# Work shop location suggestions



## bluemoon (14 Jun 2020)

I am hoping to build a workshop.

I have figured I need at least 10m^2 floor area and will use the garage for kit car and metalworking, existing shed for general gardening/kids toys/equipment, and the log store will be for the family’s bikes.

My main problem is where to site the workshop. We have a nice large garden but do not wish to remove the trees, as they provide both fruit (cider!) and also stop the house being overlooked (the large Firs). 







Most options end up under trees.

There is also a possibility that the workshop may end up being moved (my wife’s job will dictate this we have tended to move every 5 years or so) and I may consider making the workshop de-mountable and movable.
Eventually, I will knock down the Garage/log store and shed, to make way for a proper car and woodworking shop and the plan would be to turn the "new workshop" into a garden office. This is a much longer-term project if we don’t move.

Where would you locate it in my garden? 
Dan


----------



## MikeG. (14 Jun 2020)

There's not enough context there. Is this urban or rural? Where is the house? Where are the neighbours? Where is the access into the garden? What happens at the end of the garden (is it a field, a street, a neighbouring garden......?)?

Unless you are just a turner, for instance, 10 sq m seems a tad small. If you are going to go to the trouble of building a workshop I'd suggest building one which was a little bigger than that.


----------



## bluemoon (14 Jun 2020)

Hi Mike,

Good point, some more information:

Urban, (market Town).

To the left; the white area in the back of the house.

On the bottom edge is a 2m boundary fence with carpark to old people's homes.

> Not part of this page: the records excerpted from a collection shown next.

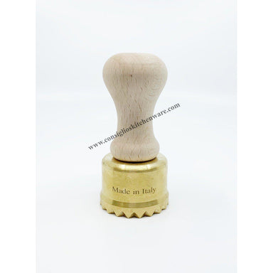 The Brass Round Spring Loaded Ravioli Stamp is made in Italy. Featuring a heavy-duty brass cutting stamp with a robust natural wooden handle for ul...
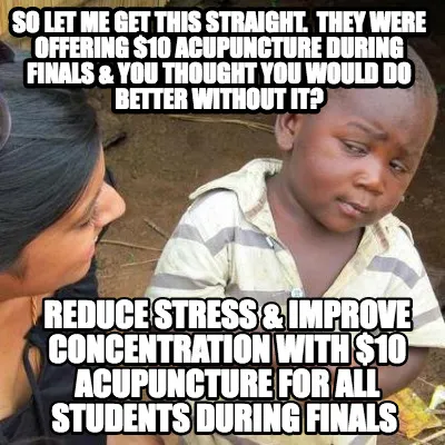 Funny so let me get this straight. they were offering $10 acupuncture during finals & Meme Template
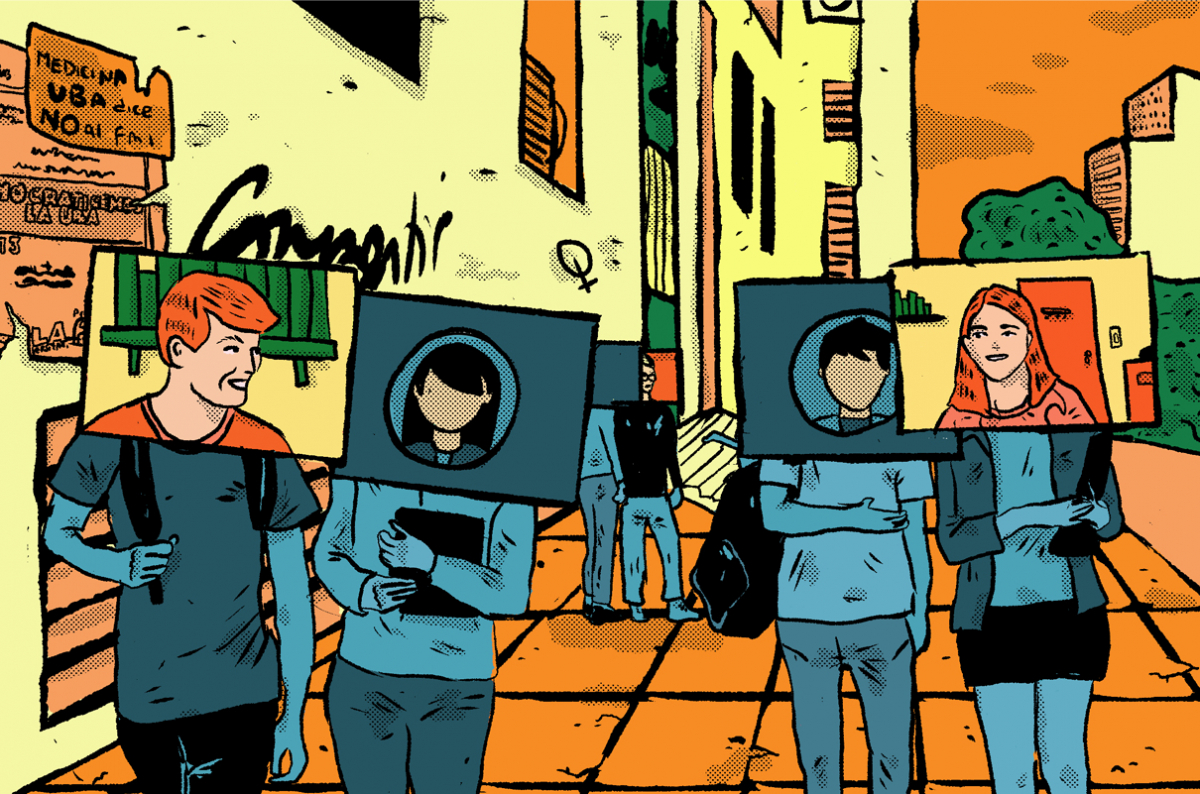 El ejemplo más ilustrativo de todos estos procesos es el de la App de citas OKCupid. Al no tener la oportunidad del levante cara a cara, los alumnos recurrieron a esta plataforma, en la cual, para participar, debían llenar un perfil larguísimo, lleno de preguntas, para poder ser potencialmente emparejados con gente más afín que en otras como Tinder. Y hete aquí que, por medio del loop algorítmico de la App, a los alumnos les aparecían personas que rápidamente, por el nombre o por la foto, reconocían como compañeros de alguna asignatura de la facultad. O sea, todo tu perfil le indicaba al Sr. Cupido Digital que podías tener onda con aquel o aquella con quien, de haberte visto en el mismo aula, el mismo pasillo o el mismo patio, vos lo podrías haber sabido antes.

The right side is a neighbors garden from the next street along.

The top is a small ~80cm wall with neighbors' gardens.

The Garden is fairly flat.

Access to garden down the side of the house, onto the road (as vehicle access to the garage).

Looking for thoughts and comments, so if more info is needed ask!

Dan


----------



## MikeG. (14 Jun 2020)

If I were designing this I would also want to know the location of buildings and other important stuff in adjoining gardens. We'd also need to know if this was a Conservation Area and/ or if the building was Listed. Anyway, the obvious place for me would involve the removal of the smaller of the apple trees...the one to the left of the path, standing alone. 

Curious that you have a couple of trees which are absolutely vertical. :lol: :lol:


----------